Cette affaire s’inscrit dans un contexte de lutte plus large pour la liberté académique à West Point. Tim Bakken, le professeur de droit ayant le plus d’ancienneté à l’académie, a également déposé une plainte distincte après avoir contesté une politique de l’administration Trump qui obligeait le corps professoral civil à obtenir une autorisation avant de publier des travaux ou de donner des discours. Bakken a affirmé que le colonel John Gregory lui avait dit de « se taire et de s’asseoir », ajoutant que l’académie est une institution militaire qui « suit les ordres ».

A lire :  Fuite massive : 153 millions de scans de permis de conduire en vente sur le dark web

Réactions et actions en cours

La plainte de Kalkstein attaque directement la supposée restriction sur l’enseignement du changement climatique ainsi que son licenciement. En parallèle, l’affaire de Bakken a conduit West Point à cesser ses efforts pour contrer une ordonnance préliminaire contre la politique d’approbation des publications, et les deux parties ont convenu de chercher une solution durable.

Sussman a également clarifié que la position de Kalkstein n’était pas idéologique et qu’il n’est pas le genre de personne à s’opposer systématiquement à Donald Trump. Selon l’avocat, pour lui, il est intolérable de ne pas pouvoir exprimer la vérité en classe, ce qui est à la fois excessif et contre-productif.

Conclusion

Les accusations de Kalkstein mettent en lumière une problématique plus vaste touchant les droits des scientifiques et leur capacité à s’exprimer librement sur les causes humaines du changement climatique. Cela soulève des préoccupations sur la manière dont les institutions garantissant la sécurité publique autorisent les experts à transmettre des connaissances établies sans censure. La question reste ouverte : les militaires sont-ils prêts à accueillir des voix dissidentes sur des sujets cruciaux ?

FAQ

Quelles sont les implications du licenciement de Kalkstein pour l’enseignement militaire ?

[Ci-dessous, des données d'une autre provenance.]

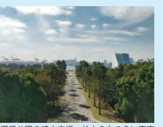
潮風公園の噴水広場。並木の向こうに東京港の海が見えます
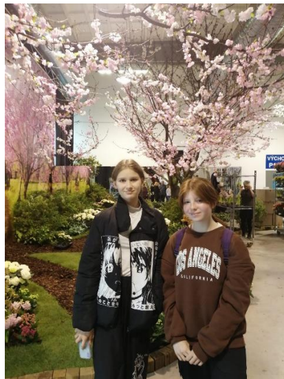
Soutěž Floria v Kroměříži
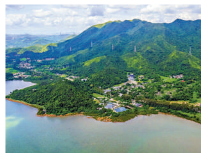
▲紅花嶺將成為香港第25個郊野公園。

涵蓋紅花嶺郊野公園已予批准地圖的指定令將於本月29日提交立法會進行先訂立後審議的程序，生效日期預計為明年3月1日。
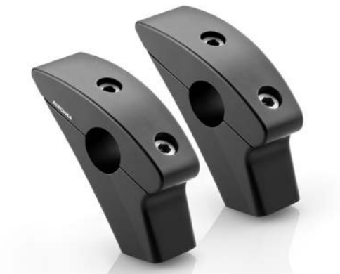
Lenkerhalter, Ausführung AZ019/AZ020
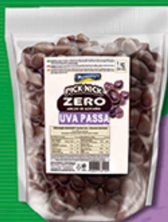
Cód: 3027 Pick Nick Zero Uvas Passas
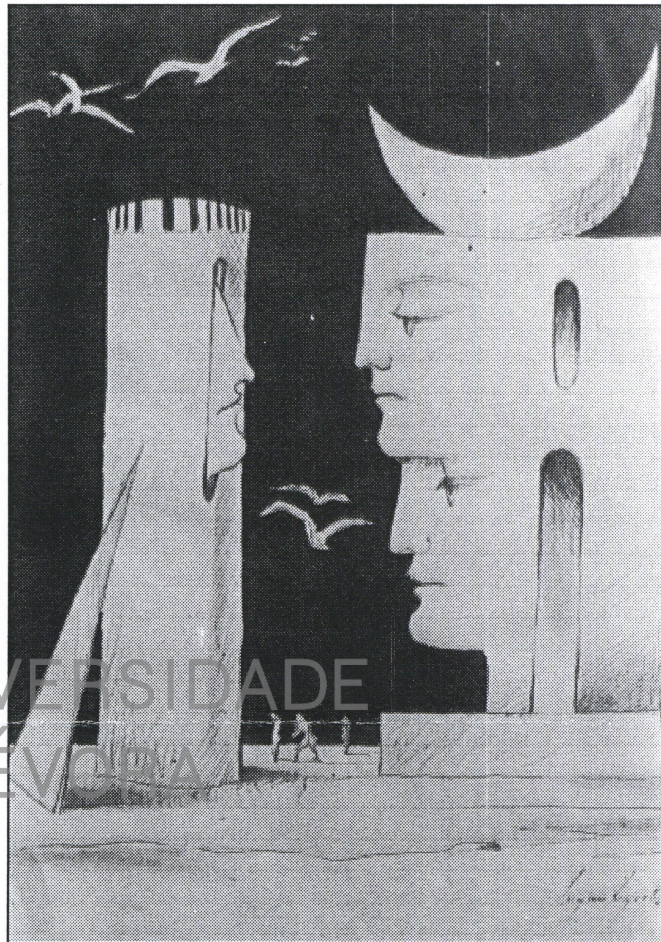
"A lua é assim..."

Alfragide, 28/3/1993 (In "Poemas com mimetismo")
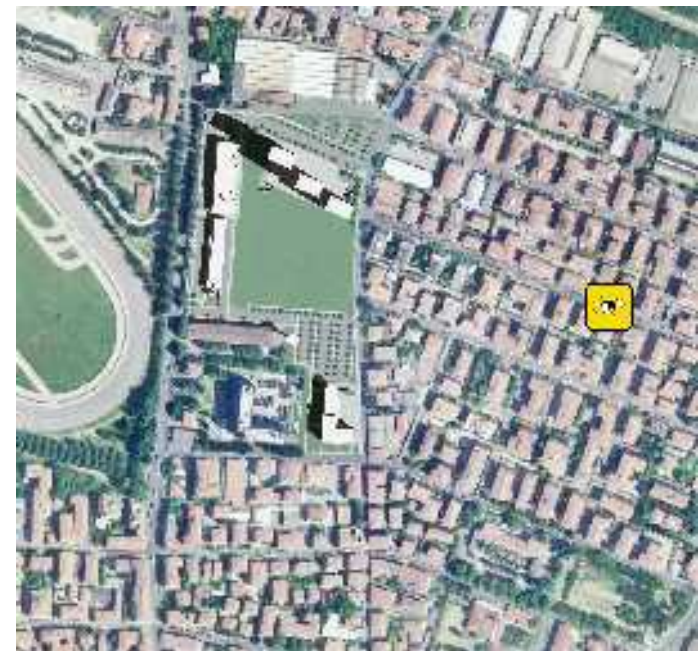
Vista da via Fornasini
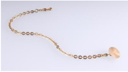
Gold 585, Länge ca. 23 cm, 11,1 gøg11
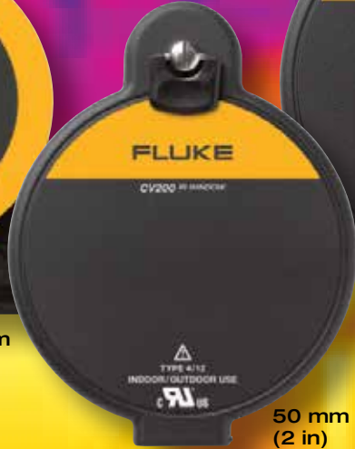
50 mm (2 in)
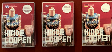
Éric van Hove, motorblok Us Heit , Fries Museum. Foto Gert Wjlage, 2021

Út Marrakesh wei het hy mei ambachtslied mei passy oparbeide oen kómplekse keunstwerken op baesis fan bestaend ridend reau en motorblokken. Mei keunst jêget Van Hove technyse ûntwikkeling en nije wurdearing oen en leet er sên dot ambacht ek yn 'e 21ste iuw tó omstmoaglikheaden het.
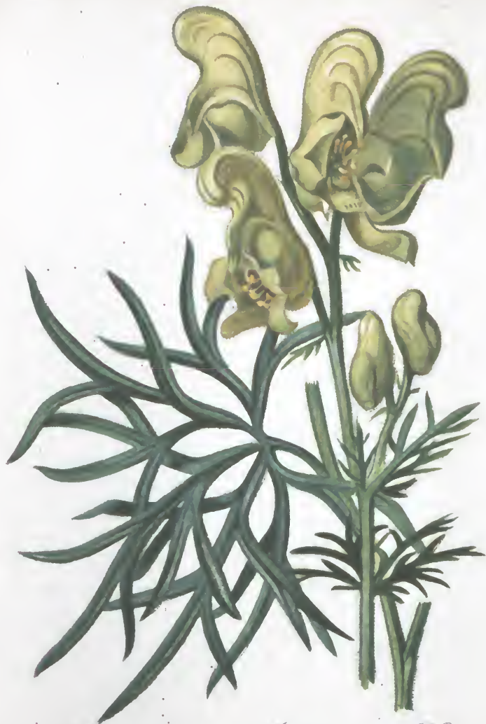
Aconitum Anthora L

Le licenciement de Kalkstein pourrait avoir des répercussions sur la manière dont le changement climatique sera abordé dans le cadre militaire, ce qui pourrait influencer la formation des futurs leaders sur des enjeux critiques comme la sécurité nationale.

Quels types de décisions militaires sont influencées par le changement climatique ?

Les décisions militaires touchent à la gestion des catastrophes, aux opérations de maintenance sur les bases, ainsi qu’aux réponses aux crises humanitaires exacerbées par le climat.

A lire :  « Bibliothèque du Luxembourg en état d'urgence face à un insecte dévoreur de livres »

Comment les politiques de publication affectent-elles la liberté académique ?

Les exigences d’approbation pour les publications peuvent restreindre la capacité des chercheurs à partager leurs travaux, ce qui nuit à la libre circulation des idées et à la rigueur académique.

Y a-t-il d’autres cas similaires à West Point ?

Oui, de nombreuses universités et institutions à travers le monde connaissent des tensions similaires concernant la censure et la liberté académique, souvent autour de sujets controversés comme le changement climatique.

Comment puis-je soutenir la liberté académique ?

Vous pouvez rester informé, partager des informations sur ces enjeux et soutenir des organisations qui luttent pour la liberté académique et l’intégrité scientifique.